PORT-AU-PRINCE, 7 juin 2026 (RHINEWS)- À un mois du cinquième anniversaire de l’assassinat de l’ancien président haïtien Jovenel Moïse, Martine Moïse, veuve du chef de l’État tué le 7 juillet 2021, a publié un long message sur les réseaux sociaux dans lequel elle revient sur l’évolution de l’enquête et formule de graves accusations contre des acteurs politiques et judiciaires, tout en affirmant sa confiance dans l’aboutissement de la justice.
Dans ce message, elle affirme que les différentes révélations intervenues depuis 59 mois contribueraient, selon elle, à éclairer les responsabilités dans l’assassinat et la tentative d’assassinat dont elle dit avoir été victime. Elle écrit : « Grâce à Dieu et avec le concours de la nature, les révélations faites pendant 59 mois après l’assassinat du président Jovenel Moïse et la tentative de le tuer le 7 juillet 2021 mettent en lumière et désignent les auteurs malgré les manœuvres pour brouiller les pistes. La vigilance du peuple ne laisse rien passer. »

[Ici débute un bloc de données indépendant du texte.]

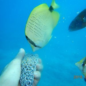 中型ボートでしたので若干のうねり(少し大きいかな?)を受けましたが一番はじめに体験しました。えさ袋が付いていたので少しずつ出すと20センチ位の熱帯魚がどんどんよった来て可愛かったです。潜水している時間も十分あり、インストラクター兼カメラの方も水中で良く分かるように手招きしてくれてストレス無く楽しかったです。家内が酸素ボンベの酸素が合わなくて若干苦しかったようですが、緊急浮上などは無く楽しめました。唯一、朝早い集合なのにマフィンとコーヒーを食べていったので、うねりで全部リ○ースして苦しみました。他の10人ほどの半分は同じく船酔いしたようです。たぶんホテル出発前に酔い止めが必要だと思います。
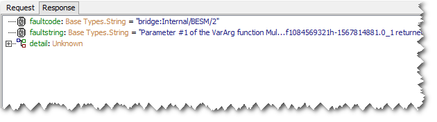 | After running the test case, the Response tab displays the output parameters of the SOAP operation. | ||||||||||
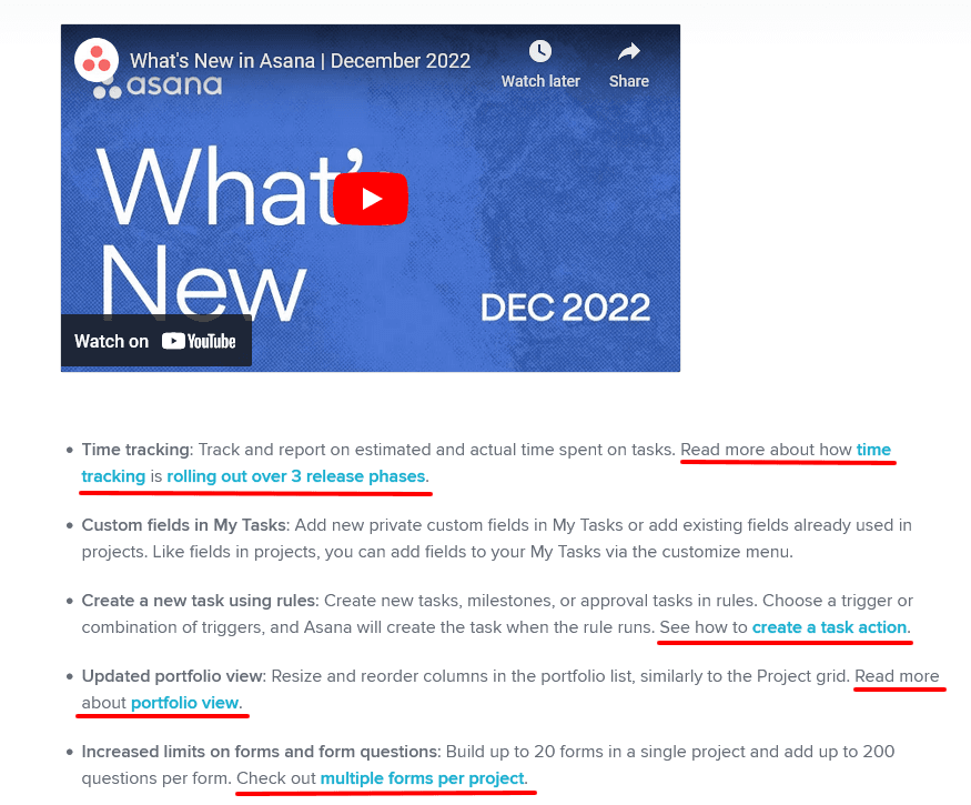 Of course, videos are just one part of Asana’s release notes. Below each video, they present changes in the form of a bulleted list, which includes links to relevant help articles.
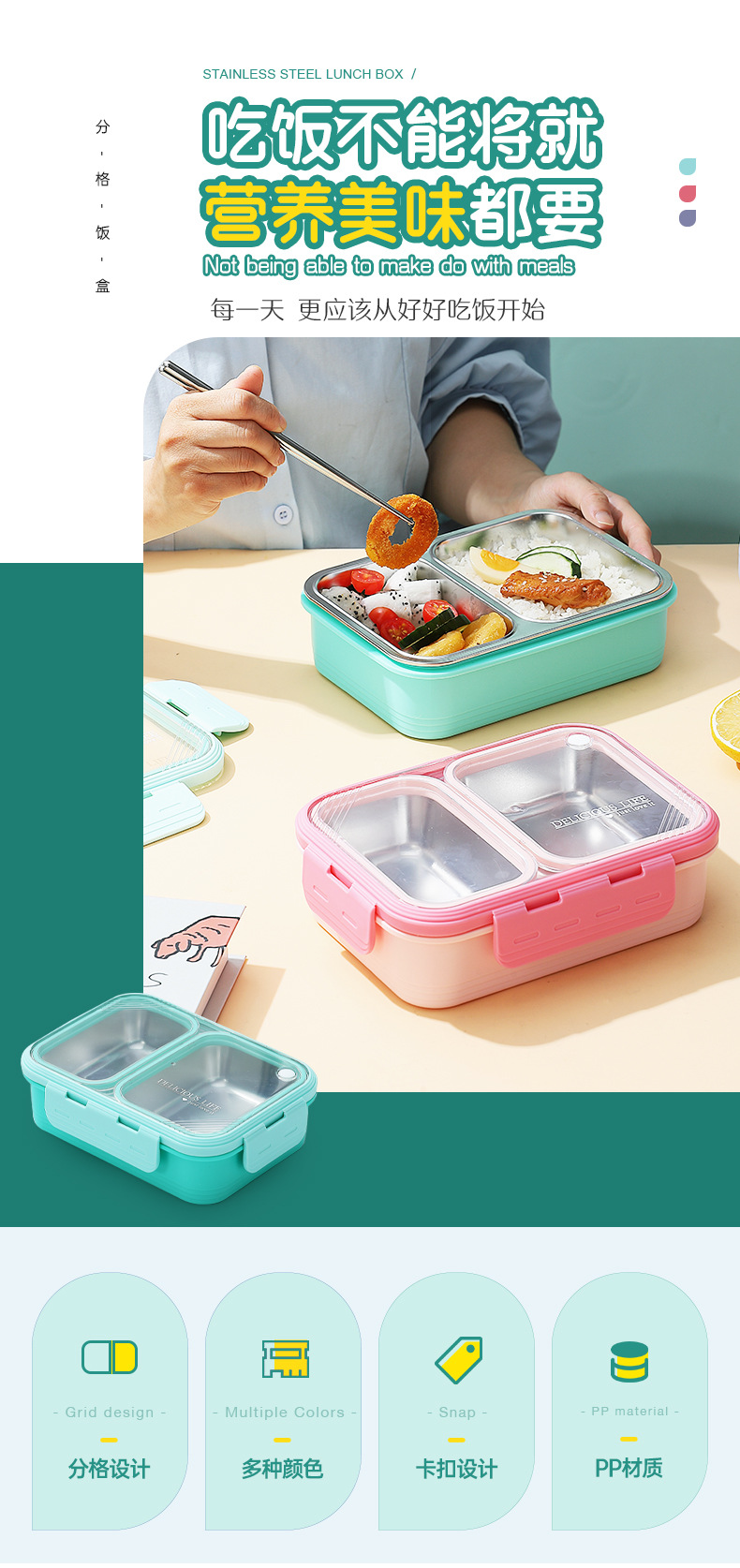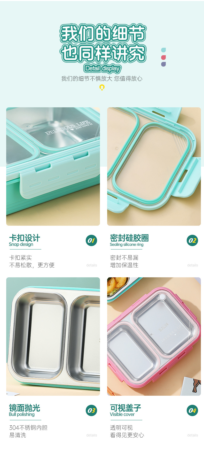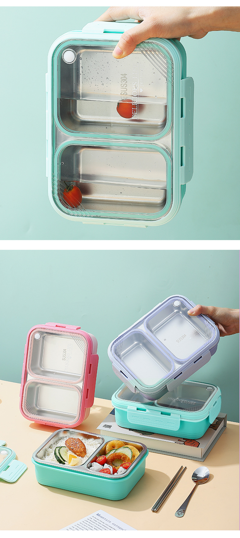 304 stainless steel new non-skewed lunch box deepening insulation office worker good-looking compartment silicone ring lunch box

Martine Moïse met également en cause des acteurs politiques et judiciaires qu’elle qualifie de « corrompus », leur reprochant d’avoir, selon elle, tenté de modifier l’interprétation des faits entourant l’assassinat. Elle affirme notamment : « Après la tentative des oligarchies de Tibwa et des politiciens criminels de tuer le président Jovenel Moïse, avec le soutien d’un juge proche de la Cour de cassation le 7 février 2021, une partie de la classe politique corrompue en Haïti a déclaré que les criminels ayant commis cet acte étaient des prisonniers politiques. Face à la pression populaire, 59 mois plus tard, le discours a changé. Aujourd’hui, ils reconnaissent et admettent que ce qui s’est passé à Tibwa était bel et bien un coup d’État. »
Elle revient également sur l’affaire des dossiers financiers de l’UCREF, affirmant que des éléments auraient été utilisés contre la candidature de son mari. « Ce sont ces mêmes acteurs qui ont tenté de détruire la candidature de mon mari à la présidence avec de faux dossiers financiers de l’UCREF. Dans ces faux dossiers, des transactions en gourdes ont été présentées comme des dollars », écrit-elle.
Dans son message, elle exprime aussi son étonnement face à certaines nominations dans le système judiciaire, qu’elle estime problématiques au regard des affaires en cours. « Beaucoup de personnes sont surprises de voir l’un des auteurs de ces montages de corruption à l’UCREF nommé juge à la Cour d’appel de Port-au-Prince, la même cour où les dossiers de l’assassinat du président Jovenel et de la tentative d’assassinat contre moi suivent leur cours », affirme-t-elle.
Martine Moïse dénonce par ailleurs une campagne prolongée de dénigrement contre son défunt mari et sa famille. « La classe politique corrompue a passé quatre ans et cinq mois à détruire le caractère du président Jovenel Moïse et à dénigrer sa famille jusqu’à son assassinat. Même après sa mort, ils continuent ce travail de diffamation à travers la propagande de l’opération Bolivi », écrit-elle.
Elle affirme également avoir elle-même été la cible de tentatives de dénigrement et de pressions médiatiques, tout en disant ne pas être découragée dans son combat. « Ils ont même tenté de me détruire et de dénigrer ma famille sur plusieurs stations de radio. Cela ne nous a pas découragés. Nous savons que la justice finira par triompher », ajoute-t-elle.
Évoquant des éléments liés à la succession et aux documents personnels de l’ancien président, Martine Moise qui est inculpée pour implication présumée dans l’assassinat de son mari, déclare : « Le carnet du président Jovenel Moïse était chez lui et c’est là qu’il prenait toutes les notes importantes. Même si l’ordonnance du juge n’a pas encore été exécutée et que ce document, qui est un secret d’État, n’a pas été retrouvé, la justice finira par triompher. »
Elle insiste enfin sur sa conviction que les responsables de l’assassinat devront répondre de leurs actes, malgré les délais judiciaires et les obstacles qu’elle évoque. « Même si des tractations sont en cours pour protéger les criminels qui ont tué mon mari, notre président, et qui m’ont tirée le 7 juillet 2021, la justice finira par triompher. Même 59 mois plus tard, alors que les auteurs financiers et intellectuels de ce crime contre la nation et le peuple sont toujours recherchés, la justice finira par triompher », conclut-elle.